#### Assignment
Each line of the material below is to be written out exactly. Leave out any picture.

#### Provided data
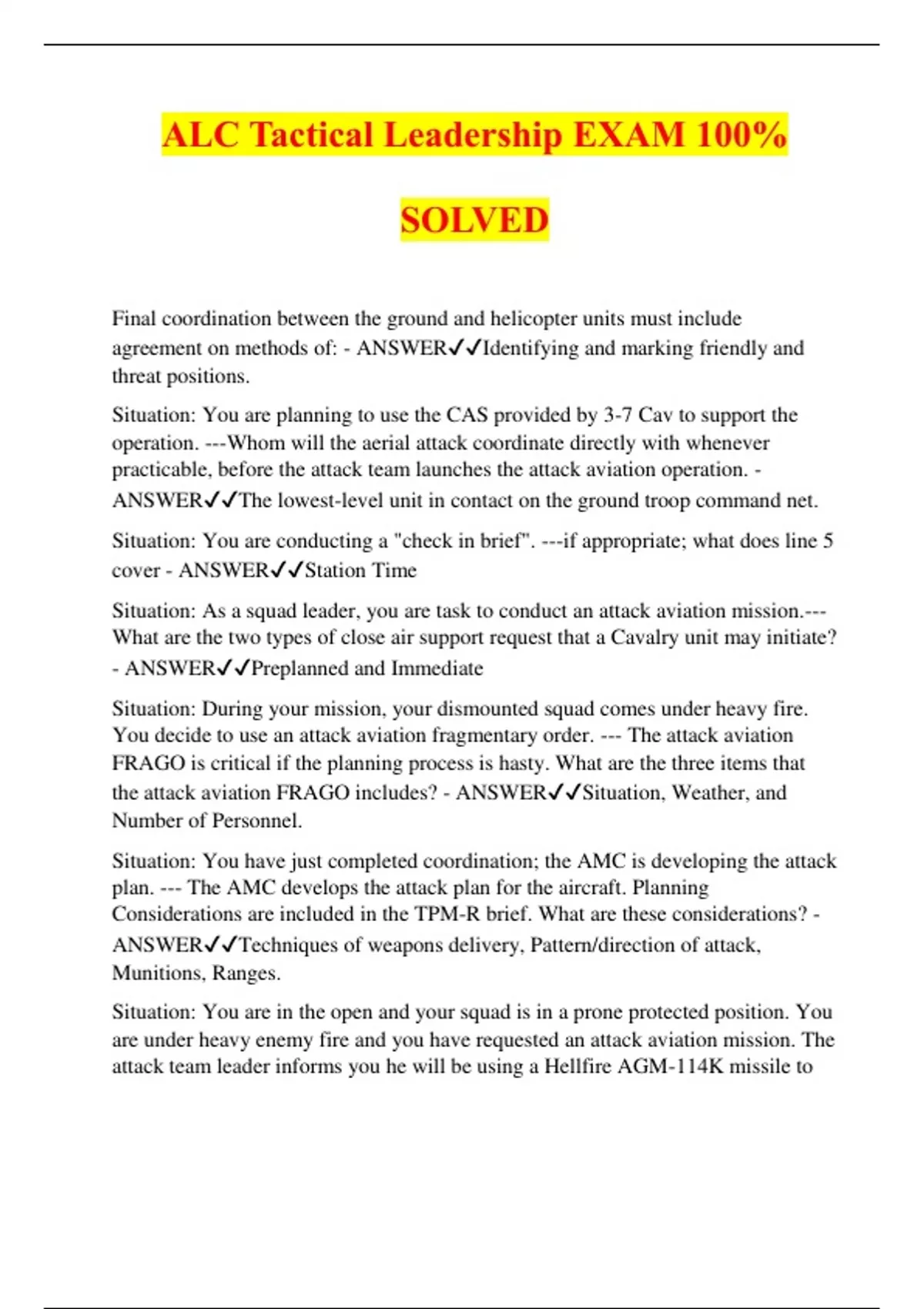 ALC Tactical Leadership EXAM 100% SOLVED Final coordination between the ground and helicopter units must include agreement on methods of: - ANSWERIdentifying and marking friendly and threat positions. Situation: You are planning to use the CAS provided by 3-7 Cav to support the operation. ---Whom will the aerial attack coordinate directly with whenever practicable, before the attack team launches the attack aviation operation. - ANSWERThe lowest-level unit in contact on the ground troop command net. Situation: You are conducting a "check in brief". ---if appropriate; what does line 5 cover - ANSWERStation Time Situation: As a squad leader, you are task to conduct an attack aviation mission.--- What are the two types of close air support request that a Cavalry unit may initiate? - ANSWERPreplanned and Immediate Situation: During your mission, your dismounted squad comes under heavy fire. You decide to use an attack aviation fragmentary order. --- The attack aviation FRAGO is critical if the planning process is hasty. What are the three items that the attack aviation FRAGO includes? - ANSWERSituation, Weather, and Number of Personnel. Situation: You have just completed coordination; the AMC is developing the attack plan. --- The AMC develops the attack plan for the aircraft. Planning Considerations are included in the TPM-R brief. What are these considerations? - ANSWERTechniques of weapons delivery, Pattern/direction of attack, Munitions, Ranges. Situation: You are in the open and your squad is in a prone protected position. You are under heavy enemy fire and you have requested an attack aviation mission. The attack team leader informs you he will be using a Hellfire AGM-114K missile to
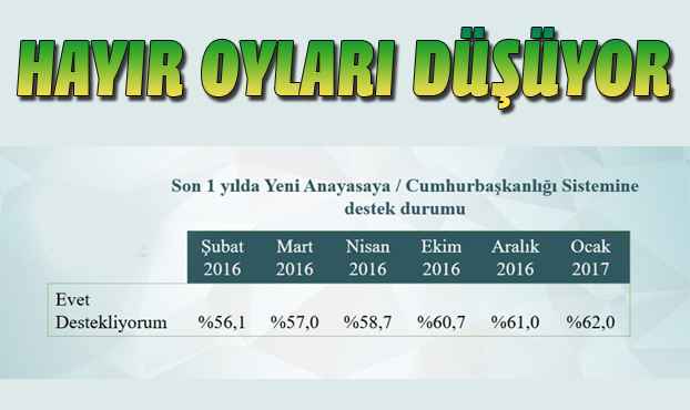 Ocak 2017; Evet destekliyorum diyenlerin oranı yüzde 62
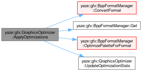 References yaze::gfx::BppFormatManager::ConvertFormat(), yaze::gfx::BppFormatManager::Get(), yaze::gfx::OptimizationResult::memory_saved, yaze::gfx::OptimizationResult::message, yaze::gfx::BppFormatManager::OptimizePaletteForFormat(), yaze::gfx::OptimizationResult::sheet_recommendations, yaze::gfx::OptimizationResult::success, and UpdateOptimizationStats().
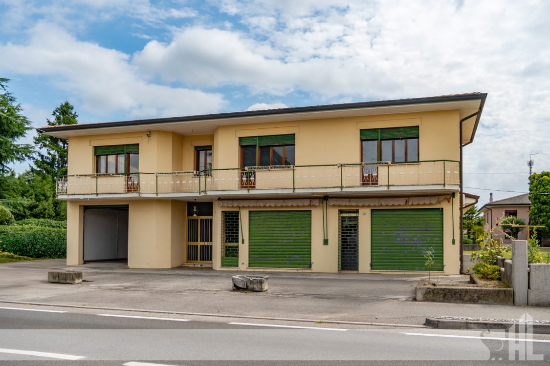 La casa si distingue per la sua struttura articolata e le ampie dimensioni, che offrono numerose possibilità di utilizzo. Disposta su due livelli, la proprietà combina spazi residenziali e commerciali in un unico edificio funzionale. Al piano terra troviamo un negozio con affaccio diretto sulla strada, ideale per chi desidera visibilità per la propria attività, un ampio magazzino, che si estende anche al piano interrato, un vano accessorio e un garage doppio collegato internamente a più locali.

#### Final answer
 ALC Tactical Leadership EXAM 100% SOLVED Final coordination between the ground and helicopter units must include agreement on methods of: - ANSWERIdentifying and marking friendly and threat positions. Situation: You are planning to use the CAS provided by 3-7 Cav to support the operation. ---Whom will the aerial attack coordinate directly with whenever practicable, before the attack team launches the attack aviation operation. - ANSWERThe lowest-level unit in contact on the ground troop command net. Situation: You are conducting a "check in brief". ---if appropriate; what does line 5 cover - ANSWERStation Time Situation: As a squad leader, you are task to conduct an attack aviation mission.--- What are the two types of close air support request that a Cavalry unit may initiate? - ANSWERPreplanned and Immediate Situation: During your mission, your dismounted squad comes under heavy fire. You decide to use an attack aviation fragmentary order. --- The attack aviation FRAGO is critical if the planning process is hasty. What are the three items that the attack aviation FRAGO includes? - ANSWERSituation, Weather, and Number of Personnel. Situation: You have just completed coordination; the AMC is developing the attack plan. --- The AMC develops the attack plan for the aircraft. Planning Considerations are included in the TPM-R brief. What are these considerations? - ANSWERTechniques of weapons delivery, Pattern/direction of attack, Munitions, Ranges. Situation: You are in the open and your squad is in a prone protected position. You are under heavy enemy fire and you have requested an attack aviation mission. The attack team leader informs you he will be using a Hellfire AGM-114K missile to
 Ocak 2017; Evet destekliyorum diyenlerin oranı yüzde 62
 References yaze::gfx::BppFormatManager::ConvertFormat(), yaze::gfx::BppFormatManager::Get(), yaze::gfx::OptimizationResult::memory_saved, yaze::gfx::OptimizationResult::message, yaze::gfx::BppFormatManager::OptimizePaletteForFormat(), yaze::gfx::OptimizationResult::sheet_recommendations, yaze::gfx::OptimizationResult::success, and UpdateOptimizationStats().
 La casa si distingue per la sua struttura articolata e le ampie dimensioni, che offrono numerose possibilità di utilizzo. Disposta su due livelli, la proprietà combina spazi residenziali e commerciali in un unico edificio funzionale. Al piano terra troviamo un negozio con affaccio diretto sulla strada, ideale per chi desidera visibilità per la propria attività, un ampio magazzino, che si estende anche al piano interrato, un vano accessorio e un garage doppio collegato internamente a più locali.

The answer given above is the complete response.